Sign in to reply to this message.
On 2015/01/12 08:52:02, lemzwerg wrote: > I don't object to the name! I only state that the option's name doesn't have an > explanation in the English documentation, and I think it would be good if it > gets added. Knut already did and I 'rewrote' this (as per the stated summary of patch #2). Documentation/usage/running.itely ?! James
Sign in to reply to this message.
Hmm. I can't find in your description that `--bigpdfs' creates *big* output files that get later reduced to small one by running ghostscript again.

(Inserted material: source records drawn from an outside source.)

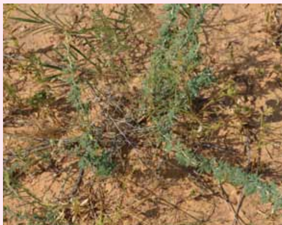
Farmers are now protecting shoots like these.

Farmer-managed natural regeneration – la régénération naturelle assistée in French, sassabin zamani in Hausa – is a practice which involves identifying and protecting the wildlings of trees and shrubs on farmland. It depends on the existence of living root systems and seeds. Shoots from roots grow more rapidly than saplings from seed, and they make up the bulk of the protected woody matter on farms in southern Niger. Farmers will generally choose five or so of the strongest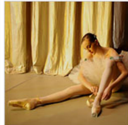
Ask the Dancers: Young Americans at the Bolshoi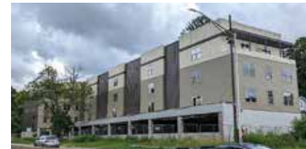
PLEASANTVILLE PLANNING COMMISSION | IMAGES

Also, instead of the cornice there is coping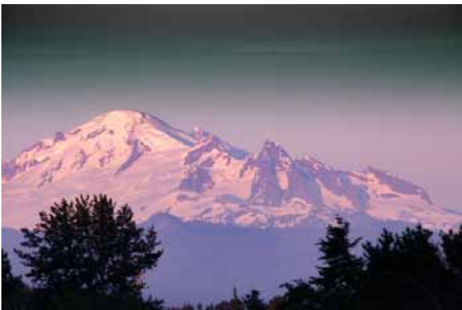
"Mout Baker Early in the Evening"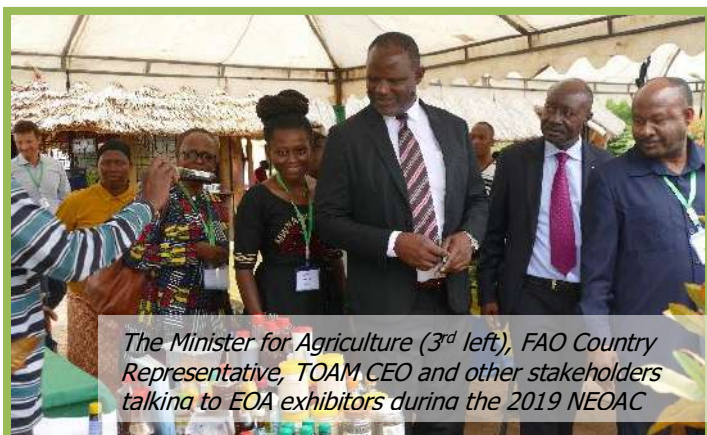
The Minister for Agriculture (3 rd left), FAO Country Representative, TOAM CEO and other stakeholders talking to EOA exhibitors during the 2019 NEOAC

Tanzania Organic Agriculture Movement together with the Ministry of Agriculture and Cooperatives in collaboration with agriculture stakeholders and development partners including UN-FAO, SWISSAID Tanzania, Sokoine University, Sustainable Agriculture Tanzania (SAT), TABIO, PELUM, The French Embassy, Iles de Paix (IDP) and St. Joseph Sustainable Organic Farm organized the 2nd National Ecological Organic Agriculture Conference which took place at St. Gasper Conference Hotel in Dodoma from the 19th and 20th October, 2021.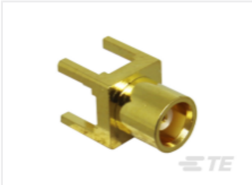
TE Part #CONMCX001 MCX Jack 50 Ohm PCB Through Hole

Sign in to reply to this message.
On 14.01.2015 08:15, lemzwerg@googlemail.com wrote: > Hmm. I can't find in your description that `--bigpdfs' creates *big* > output files that get later reduced to small one by running ghostscript > again. > > https://codereview.appspot.com/194090043/ > No? Have a look at the patch sent to lilypond-devel on 8-1 . There I wrote: With this patch pdfs generated by lilypond are much bigger, but if you include more than two of them in a TeX document and feed the pdfs to ghostscripts pdfwrite device, the resulting pdf is much smaller. The files produced by ghostscript can then be processed by pdfsizeopt.py for even better results. One example: notation.pdf of lilypond 2.19.16 28.0 MB original size 300.0 MB built with --bigpdf enabled 5.9 MB as above + postprocessing with gs 4.3 MB as above + postprocessing with gs and pdfsizeopt I think that already is pretty clear. A day later, in the message to James Lowe, I published statistics about the "one page with 4 small snippets" TeX document I attached to that message: Then translate test.tex to pdf with lualatex --shell-escape test gs -sDEVICE=pdfwrite -o testtmp.pdf test.pdf pdfsizeopt.py --use-multivalent=no testtmp.pdf testfinal.pdf dir test*pdf --sort=time | tac With line 23 "\def\lilyparms{ }" I get -rw-r--r-- 1 knut users 173538 9. Jan 11:53 test.pdf -rw-r--r-- 1 knut users 157303 9. Jan 11:53 testtmp.pdf -rw-r--r-- 1 knut users 149945 9. Jan 11:53 testfinal.pdf With line 23 "\def\lilyparms{ --bigpdf }" I get -rw-r--r-- 1 knut users 879441 9. Jan 11:55 test.pdf -rw-r--r-- 1 knut users 63359 9. Jan 11:55 testtmp.pdf -rw-r--r-- 1 knut users 59437 9. Jan 11:55 testfinal.pdf The original patch to running.itely included: +@item -b, --bigpdfs +Generate really big pdf files with as less as possible +optimization of font data. cu, Knut
Sign in to reply to this message.
Knut, *your* patch set has this, but James's version (in patch set 2) misses it.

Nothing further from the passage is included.